HAK SAVUNUCULUĞUNU TÜZÜKLER ÜZERiNDEN YAPAN KURUMLARDIR. ACABA "HAKKINI SAVUNDUKLARI KESiMi BÖLEREK EN BÜYÜK KÖTÜLÜĞÜ SENDiKALAR MI YAPIYOR? DiYE SORMUŞLUĞUM VARDIR. günümüzde sendikaya üye olmak sadece bir salon hareketine dönüşmüştür. son dönemlerde bir iş başardıkları görülmemiştir, tepedekilerin ekmeğine yağ sürmekten başka.
türkiye bir buzdolabıdır.
içine koyduğunuz şey ne kadar iyi olursa olsun, bir süre sonra bozulmaktadır.
staj yaptığım fabrikanın işçileri, staj yaptığım dönemde sendika değiştiriyordu. son derece ağır şartlar altında çalışan, zehirlenmemeleri için zorla ayran içirilen işçilerden birine, neden sendika değiştirdiklerini sordum. "bu daha iyi" dedi. "kıbrıs'ta otelleri var, her yıl kurayla 6 işçiye tatil yaptırıyorlar".
12 eylül sonrası türkiye'de faaliyet gösteren sendikalar, dönemlerinin iktidarlarıyla paralel bir çizgide yol almıştır. tüm türkiye jaguar hediye edildiği için özal'ın damadıyla dalga geçerken; sendika ağaları aynı jaguar'a binmekte gecikmemişti. jaguar'ın devede kulak olduğu tek ülke türkiye'dir.

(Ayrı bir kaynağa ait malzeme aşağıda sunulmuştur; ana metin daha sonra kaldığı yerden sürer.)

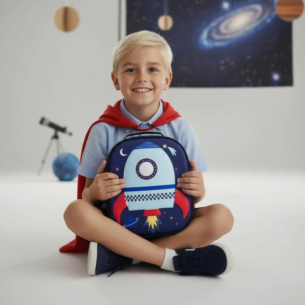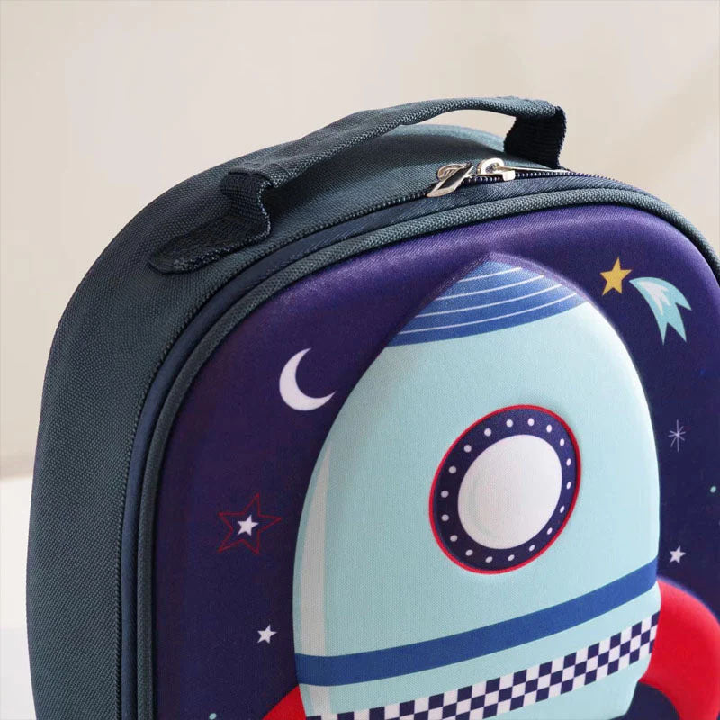 Get ready to blast off into lunch time with the adorable LAUNCH TIME™ children's lunchbag! With a cute rocket launching towards the galaxies, this insulated bag has a large capacity to pack all your little one's favorite treats. Say goodbye to boring lunches, and hello to out-of-this-world meals!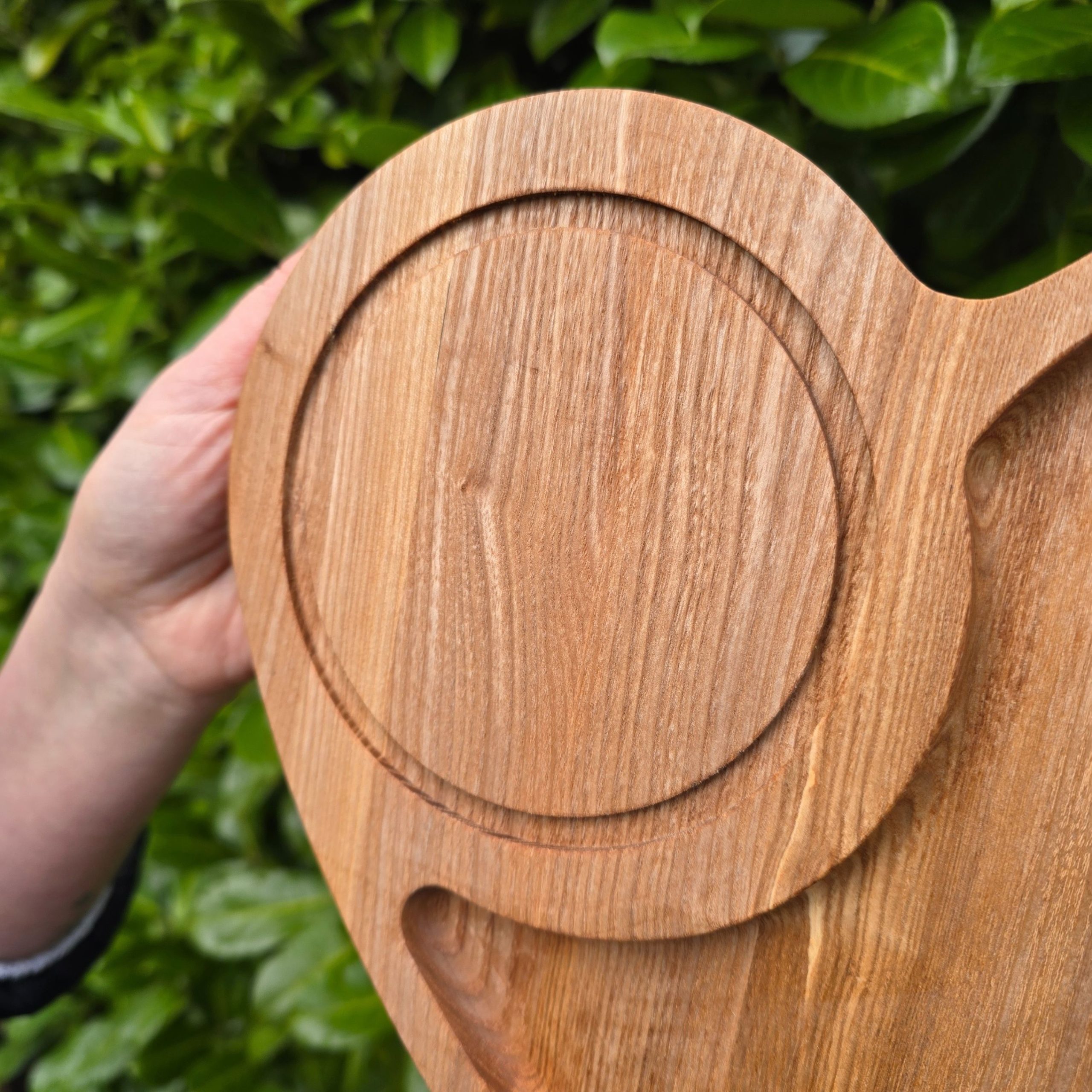 Platou rotund din lemn de frasin – lucrat manual și finisat cu ulei alimentar, sigur pentru contactul cu alimentele. Ideal pentru brânzeturi și cașcaval, aperitive sau mezeluri, cu design elegant și compartimente practice.
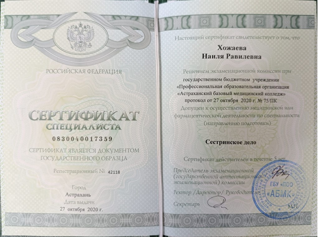 Медицинская сестра с многолетним стажем работы. Обладает устойчивыми профессиональными навыками и подтверждённой квалификацией по специальности сестринское дело.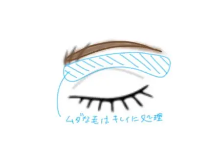 眉下の不要な毛は毛抜きで丁寧に処理していきます。

hükümetle veya işverenle yapılan pazarlıklar kapalı kapılar ardında yapıldığı, pazarlık tarafları aynı kumaşın farklı gömlekleri olduğu için; kaybeden her zaman işçi, kazanan her zaman taraflar olmuştur. yapılan, masa etrafındaki sendika ağalarının bir sonraki seçimlerde kaçıncı sıradan aday olacağı pazarlığıdır. pazarlıklar da uzun ve çekişmeli geçer. bir haftadan önce bitmez. ankara'da neden bu kadar çok pavyon var sanıyorsunuz?
sendika demek, grev hakkı demektir. işvereni zor durumda bırakarak, istediklerini almak. son zamanlarda birkaç günlük grevler dışında doğru dürüst grev yapan sendika duydunuz mu? duyamazsınız, duyamayacaksınız. grev süresince işçinin parasını sendika ödediği için, toplanan paraları ankara pavyonlarında üç beş ağa baş başa yemek varken; grevle kimse uğraşmayacaktır.
türkiye bir buzdolabıdır.
içine konanların çoğu çürük olduğundan, sağlam olanları da kokutmaktadır.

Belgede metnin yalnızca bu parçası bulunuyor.